At first he says that under rotations, Cartesian coordinates change by ##x^\mu \rightarrow x^\mu+\xi^\mu ## where ## \xi^0=0 \ , \ \xi^i=\epsilon^{ij}x_j ## and ## \epsilon^{ij}=-\epsilon^{ji} ## is a set of arbitrary infinitesimal constants. The change in functional form of the metric is given by ## \delta g^{\mu\nu}=-\xi^\sigma \partial_\sigma g^{\mu\nu}+g^{\mu \sigma}\partial_\sigma \xi^\nu+g^{\nu\sigma}\partial_\sigma \xi^\mu ## so if we set ## \delta g_{\mu\nu}=0 ##(yeah, he sets the covariant thing to zero!), we'll get ## \xi^\sigma \partial_\sigma g^{\mu\nu}=g^{\mu \sigma}\partial_\sigma \xi^\nu+g^{\nu\sigma}\partial_\sigma \xi^\mu##. Then by considering the several different values of ## \mu ## and ## \nu ##, he gets several equations which constrain the form of the metric.

When he sets ## \mu=\nu=0##, he gets ## (\partial_i g_{00})x_j=(\partial_j g_{00})x_i ##. Which I'm not sure how he gets it.

By setting ## \mu=0##, he gets ## g_{0i}\epsilon^i_{\ j}+(\partial g_{0j})\epsilon^{ik}x_k=0 ##. He says this indicates that ## g_{0i}dx^idt=a_1(r,t)x^idx_idt=f(r,t)dr dt ##(where ##a_1## and f are arbitrary functions. But I neither understand how he gets the equation nor how he gets that form of the metric from the equation.

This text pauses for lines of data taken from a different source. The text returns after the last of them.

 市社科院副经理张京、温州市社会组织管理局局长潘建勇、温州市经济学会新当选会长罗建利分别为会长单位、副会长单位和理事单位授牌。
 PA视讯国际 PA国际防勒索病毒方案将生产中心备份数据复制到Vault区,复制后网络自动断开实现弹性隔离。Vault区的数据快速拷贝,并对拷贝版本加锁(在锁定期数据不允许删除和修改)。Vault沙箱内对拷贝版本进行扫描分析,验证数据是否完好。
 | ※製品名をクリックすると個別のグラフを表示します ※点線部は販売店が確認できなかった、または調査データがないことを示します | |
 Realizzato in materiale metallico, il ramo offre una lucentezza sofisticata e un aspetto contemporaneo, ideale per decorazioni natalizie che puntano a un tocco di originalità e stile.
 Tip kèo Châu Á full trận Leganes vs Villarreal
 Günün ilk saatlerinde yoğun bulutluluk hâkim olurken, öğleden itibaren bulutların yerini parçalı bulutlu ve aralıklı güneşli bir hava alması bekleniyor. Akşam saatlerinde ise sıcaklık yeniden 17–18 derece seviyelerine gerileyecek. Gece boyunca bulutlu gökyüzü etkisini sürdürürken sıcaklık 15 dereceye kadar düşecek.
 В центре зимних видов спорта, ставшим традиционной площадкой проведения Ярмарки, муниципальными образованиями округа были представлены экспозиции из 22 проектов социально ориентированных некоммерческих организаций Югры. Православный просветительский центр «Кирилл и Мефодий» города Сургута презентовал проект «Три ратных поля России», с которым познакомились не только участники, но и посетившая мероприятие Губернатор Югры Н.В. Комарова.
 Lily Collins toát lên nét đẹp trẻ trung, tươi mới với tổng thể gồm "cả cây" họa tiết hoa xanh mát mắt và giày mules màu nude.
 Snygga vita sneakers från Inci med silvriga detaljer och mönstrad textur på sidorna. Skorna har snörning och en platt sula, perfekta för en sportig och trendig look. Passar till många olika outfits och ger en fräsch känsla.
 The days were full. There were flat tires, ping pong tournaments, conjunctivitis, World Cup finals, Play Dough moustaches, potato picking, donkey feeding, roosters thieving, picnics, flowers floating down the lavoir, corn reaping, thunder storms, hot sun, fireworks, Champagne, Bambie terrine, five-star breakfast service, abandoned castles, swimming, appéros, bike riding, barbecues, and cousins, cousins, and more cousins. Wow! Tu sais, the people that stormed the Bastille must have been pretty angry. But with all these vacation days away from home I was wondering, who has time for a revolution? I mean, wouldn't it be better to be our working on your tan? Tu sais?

Then he assumes ## \mu,\nu \neq 0## which gives him ## g_{ik}\epsilon^k_j+g_{kj}\epsilon^k_i+(\partial_k g_{ij})\epsilon^{kl}x_l=0## . Then he says it shows that ##g_{ij}dx^idx^j=[a_2(r,t)\delta^{ij}+a_3(r,t)x^ix^j]dx_idx_j ## which again I don't get the whole thing!

Any help is much appreciated!

Thanks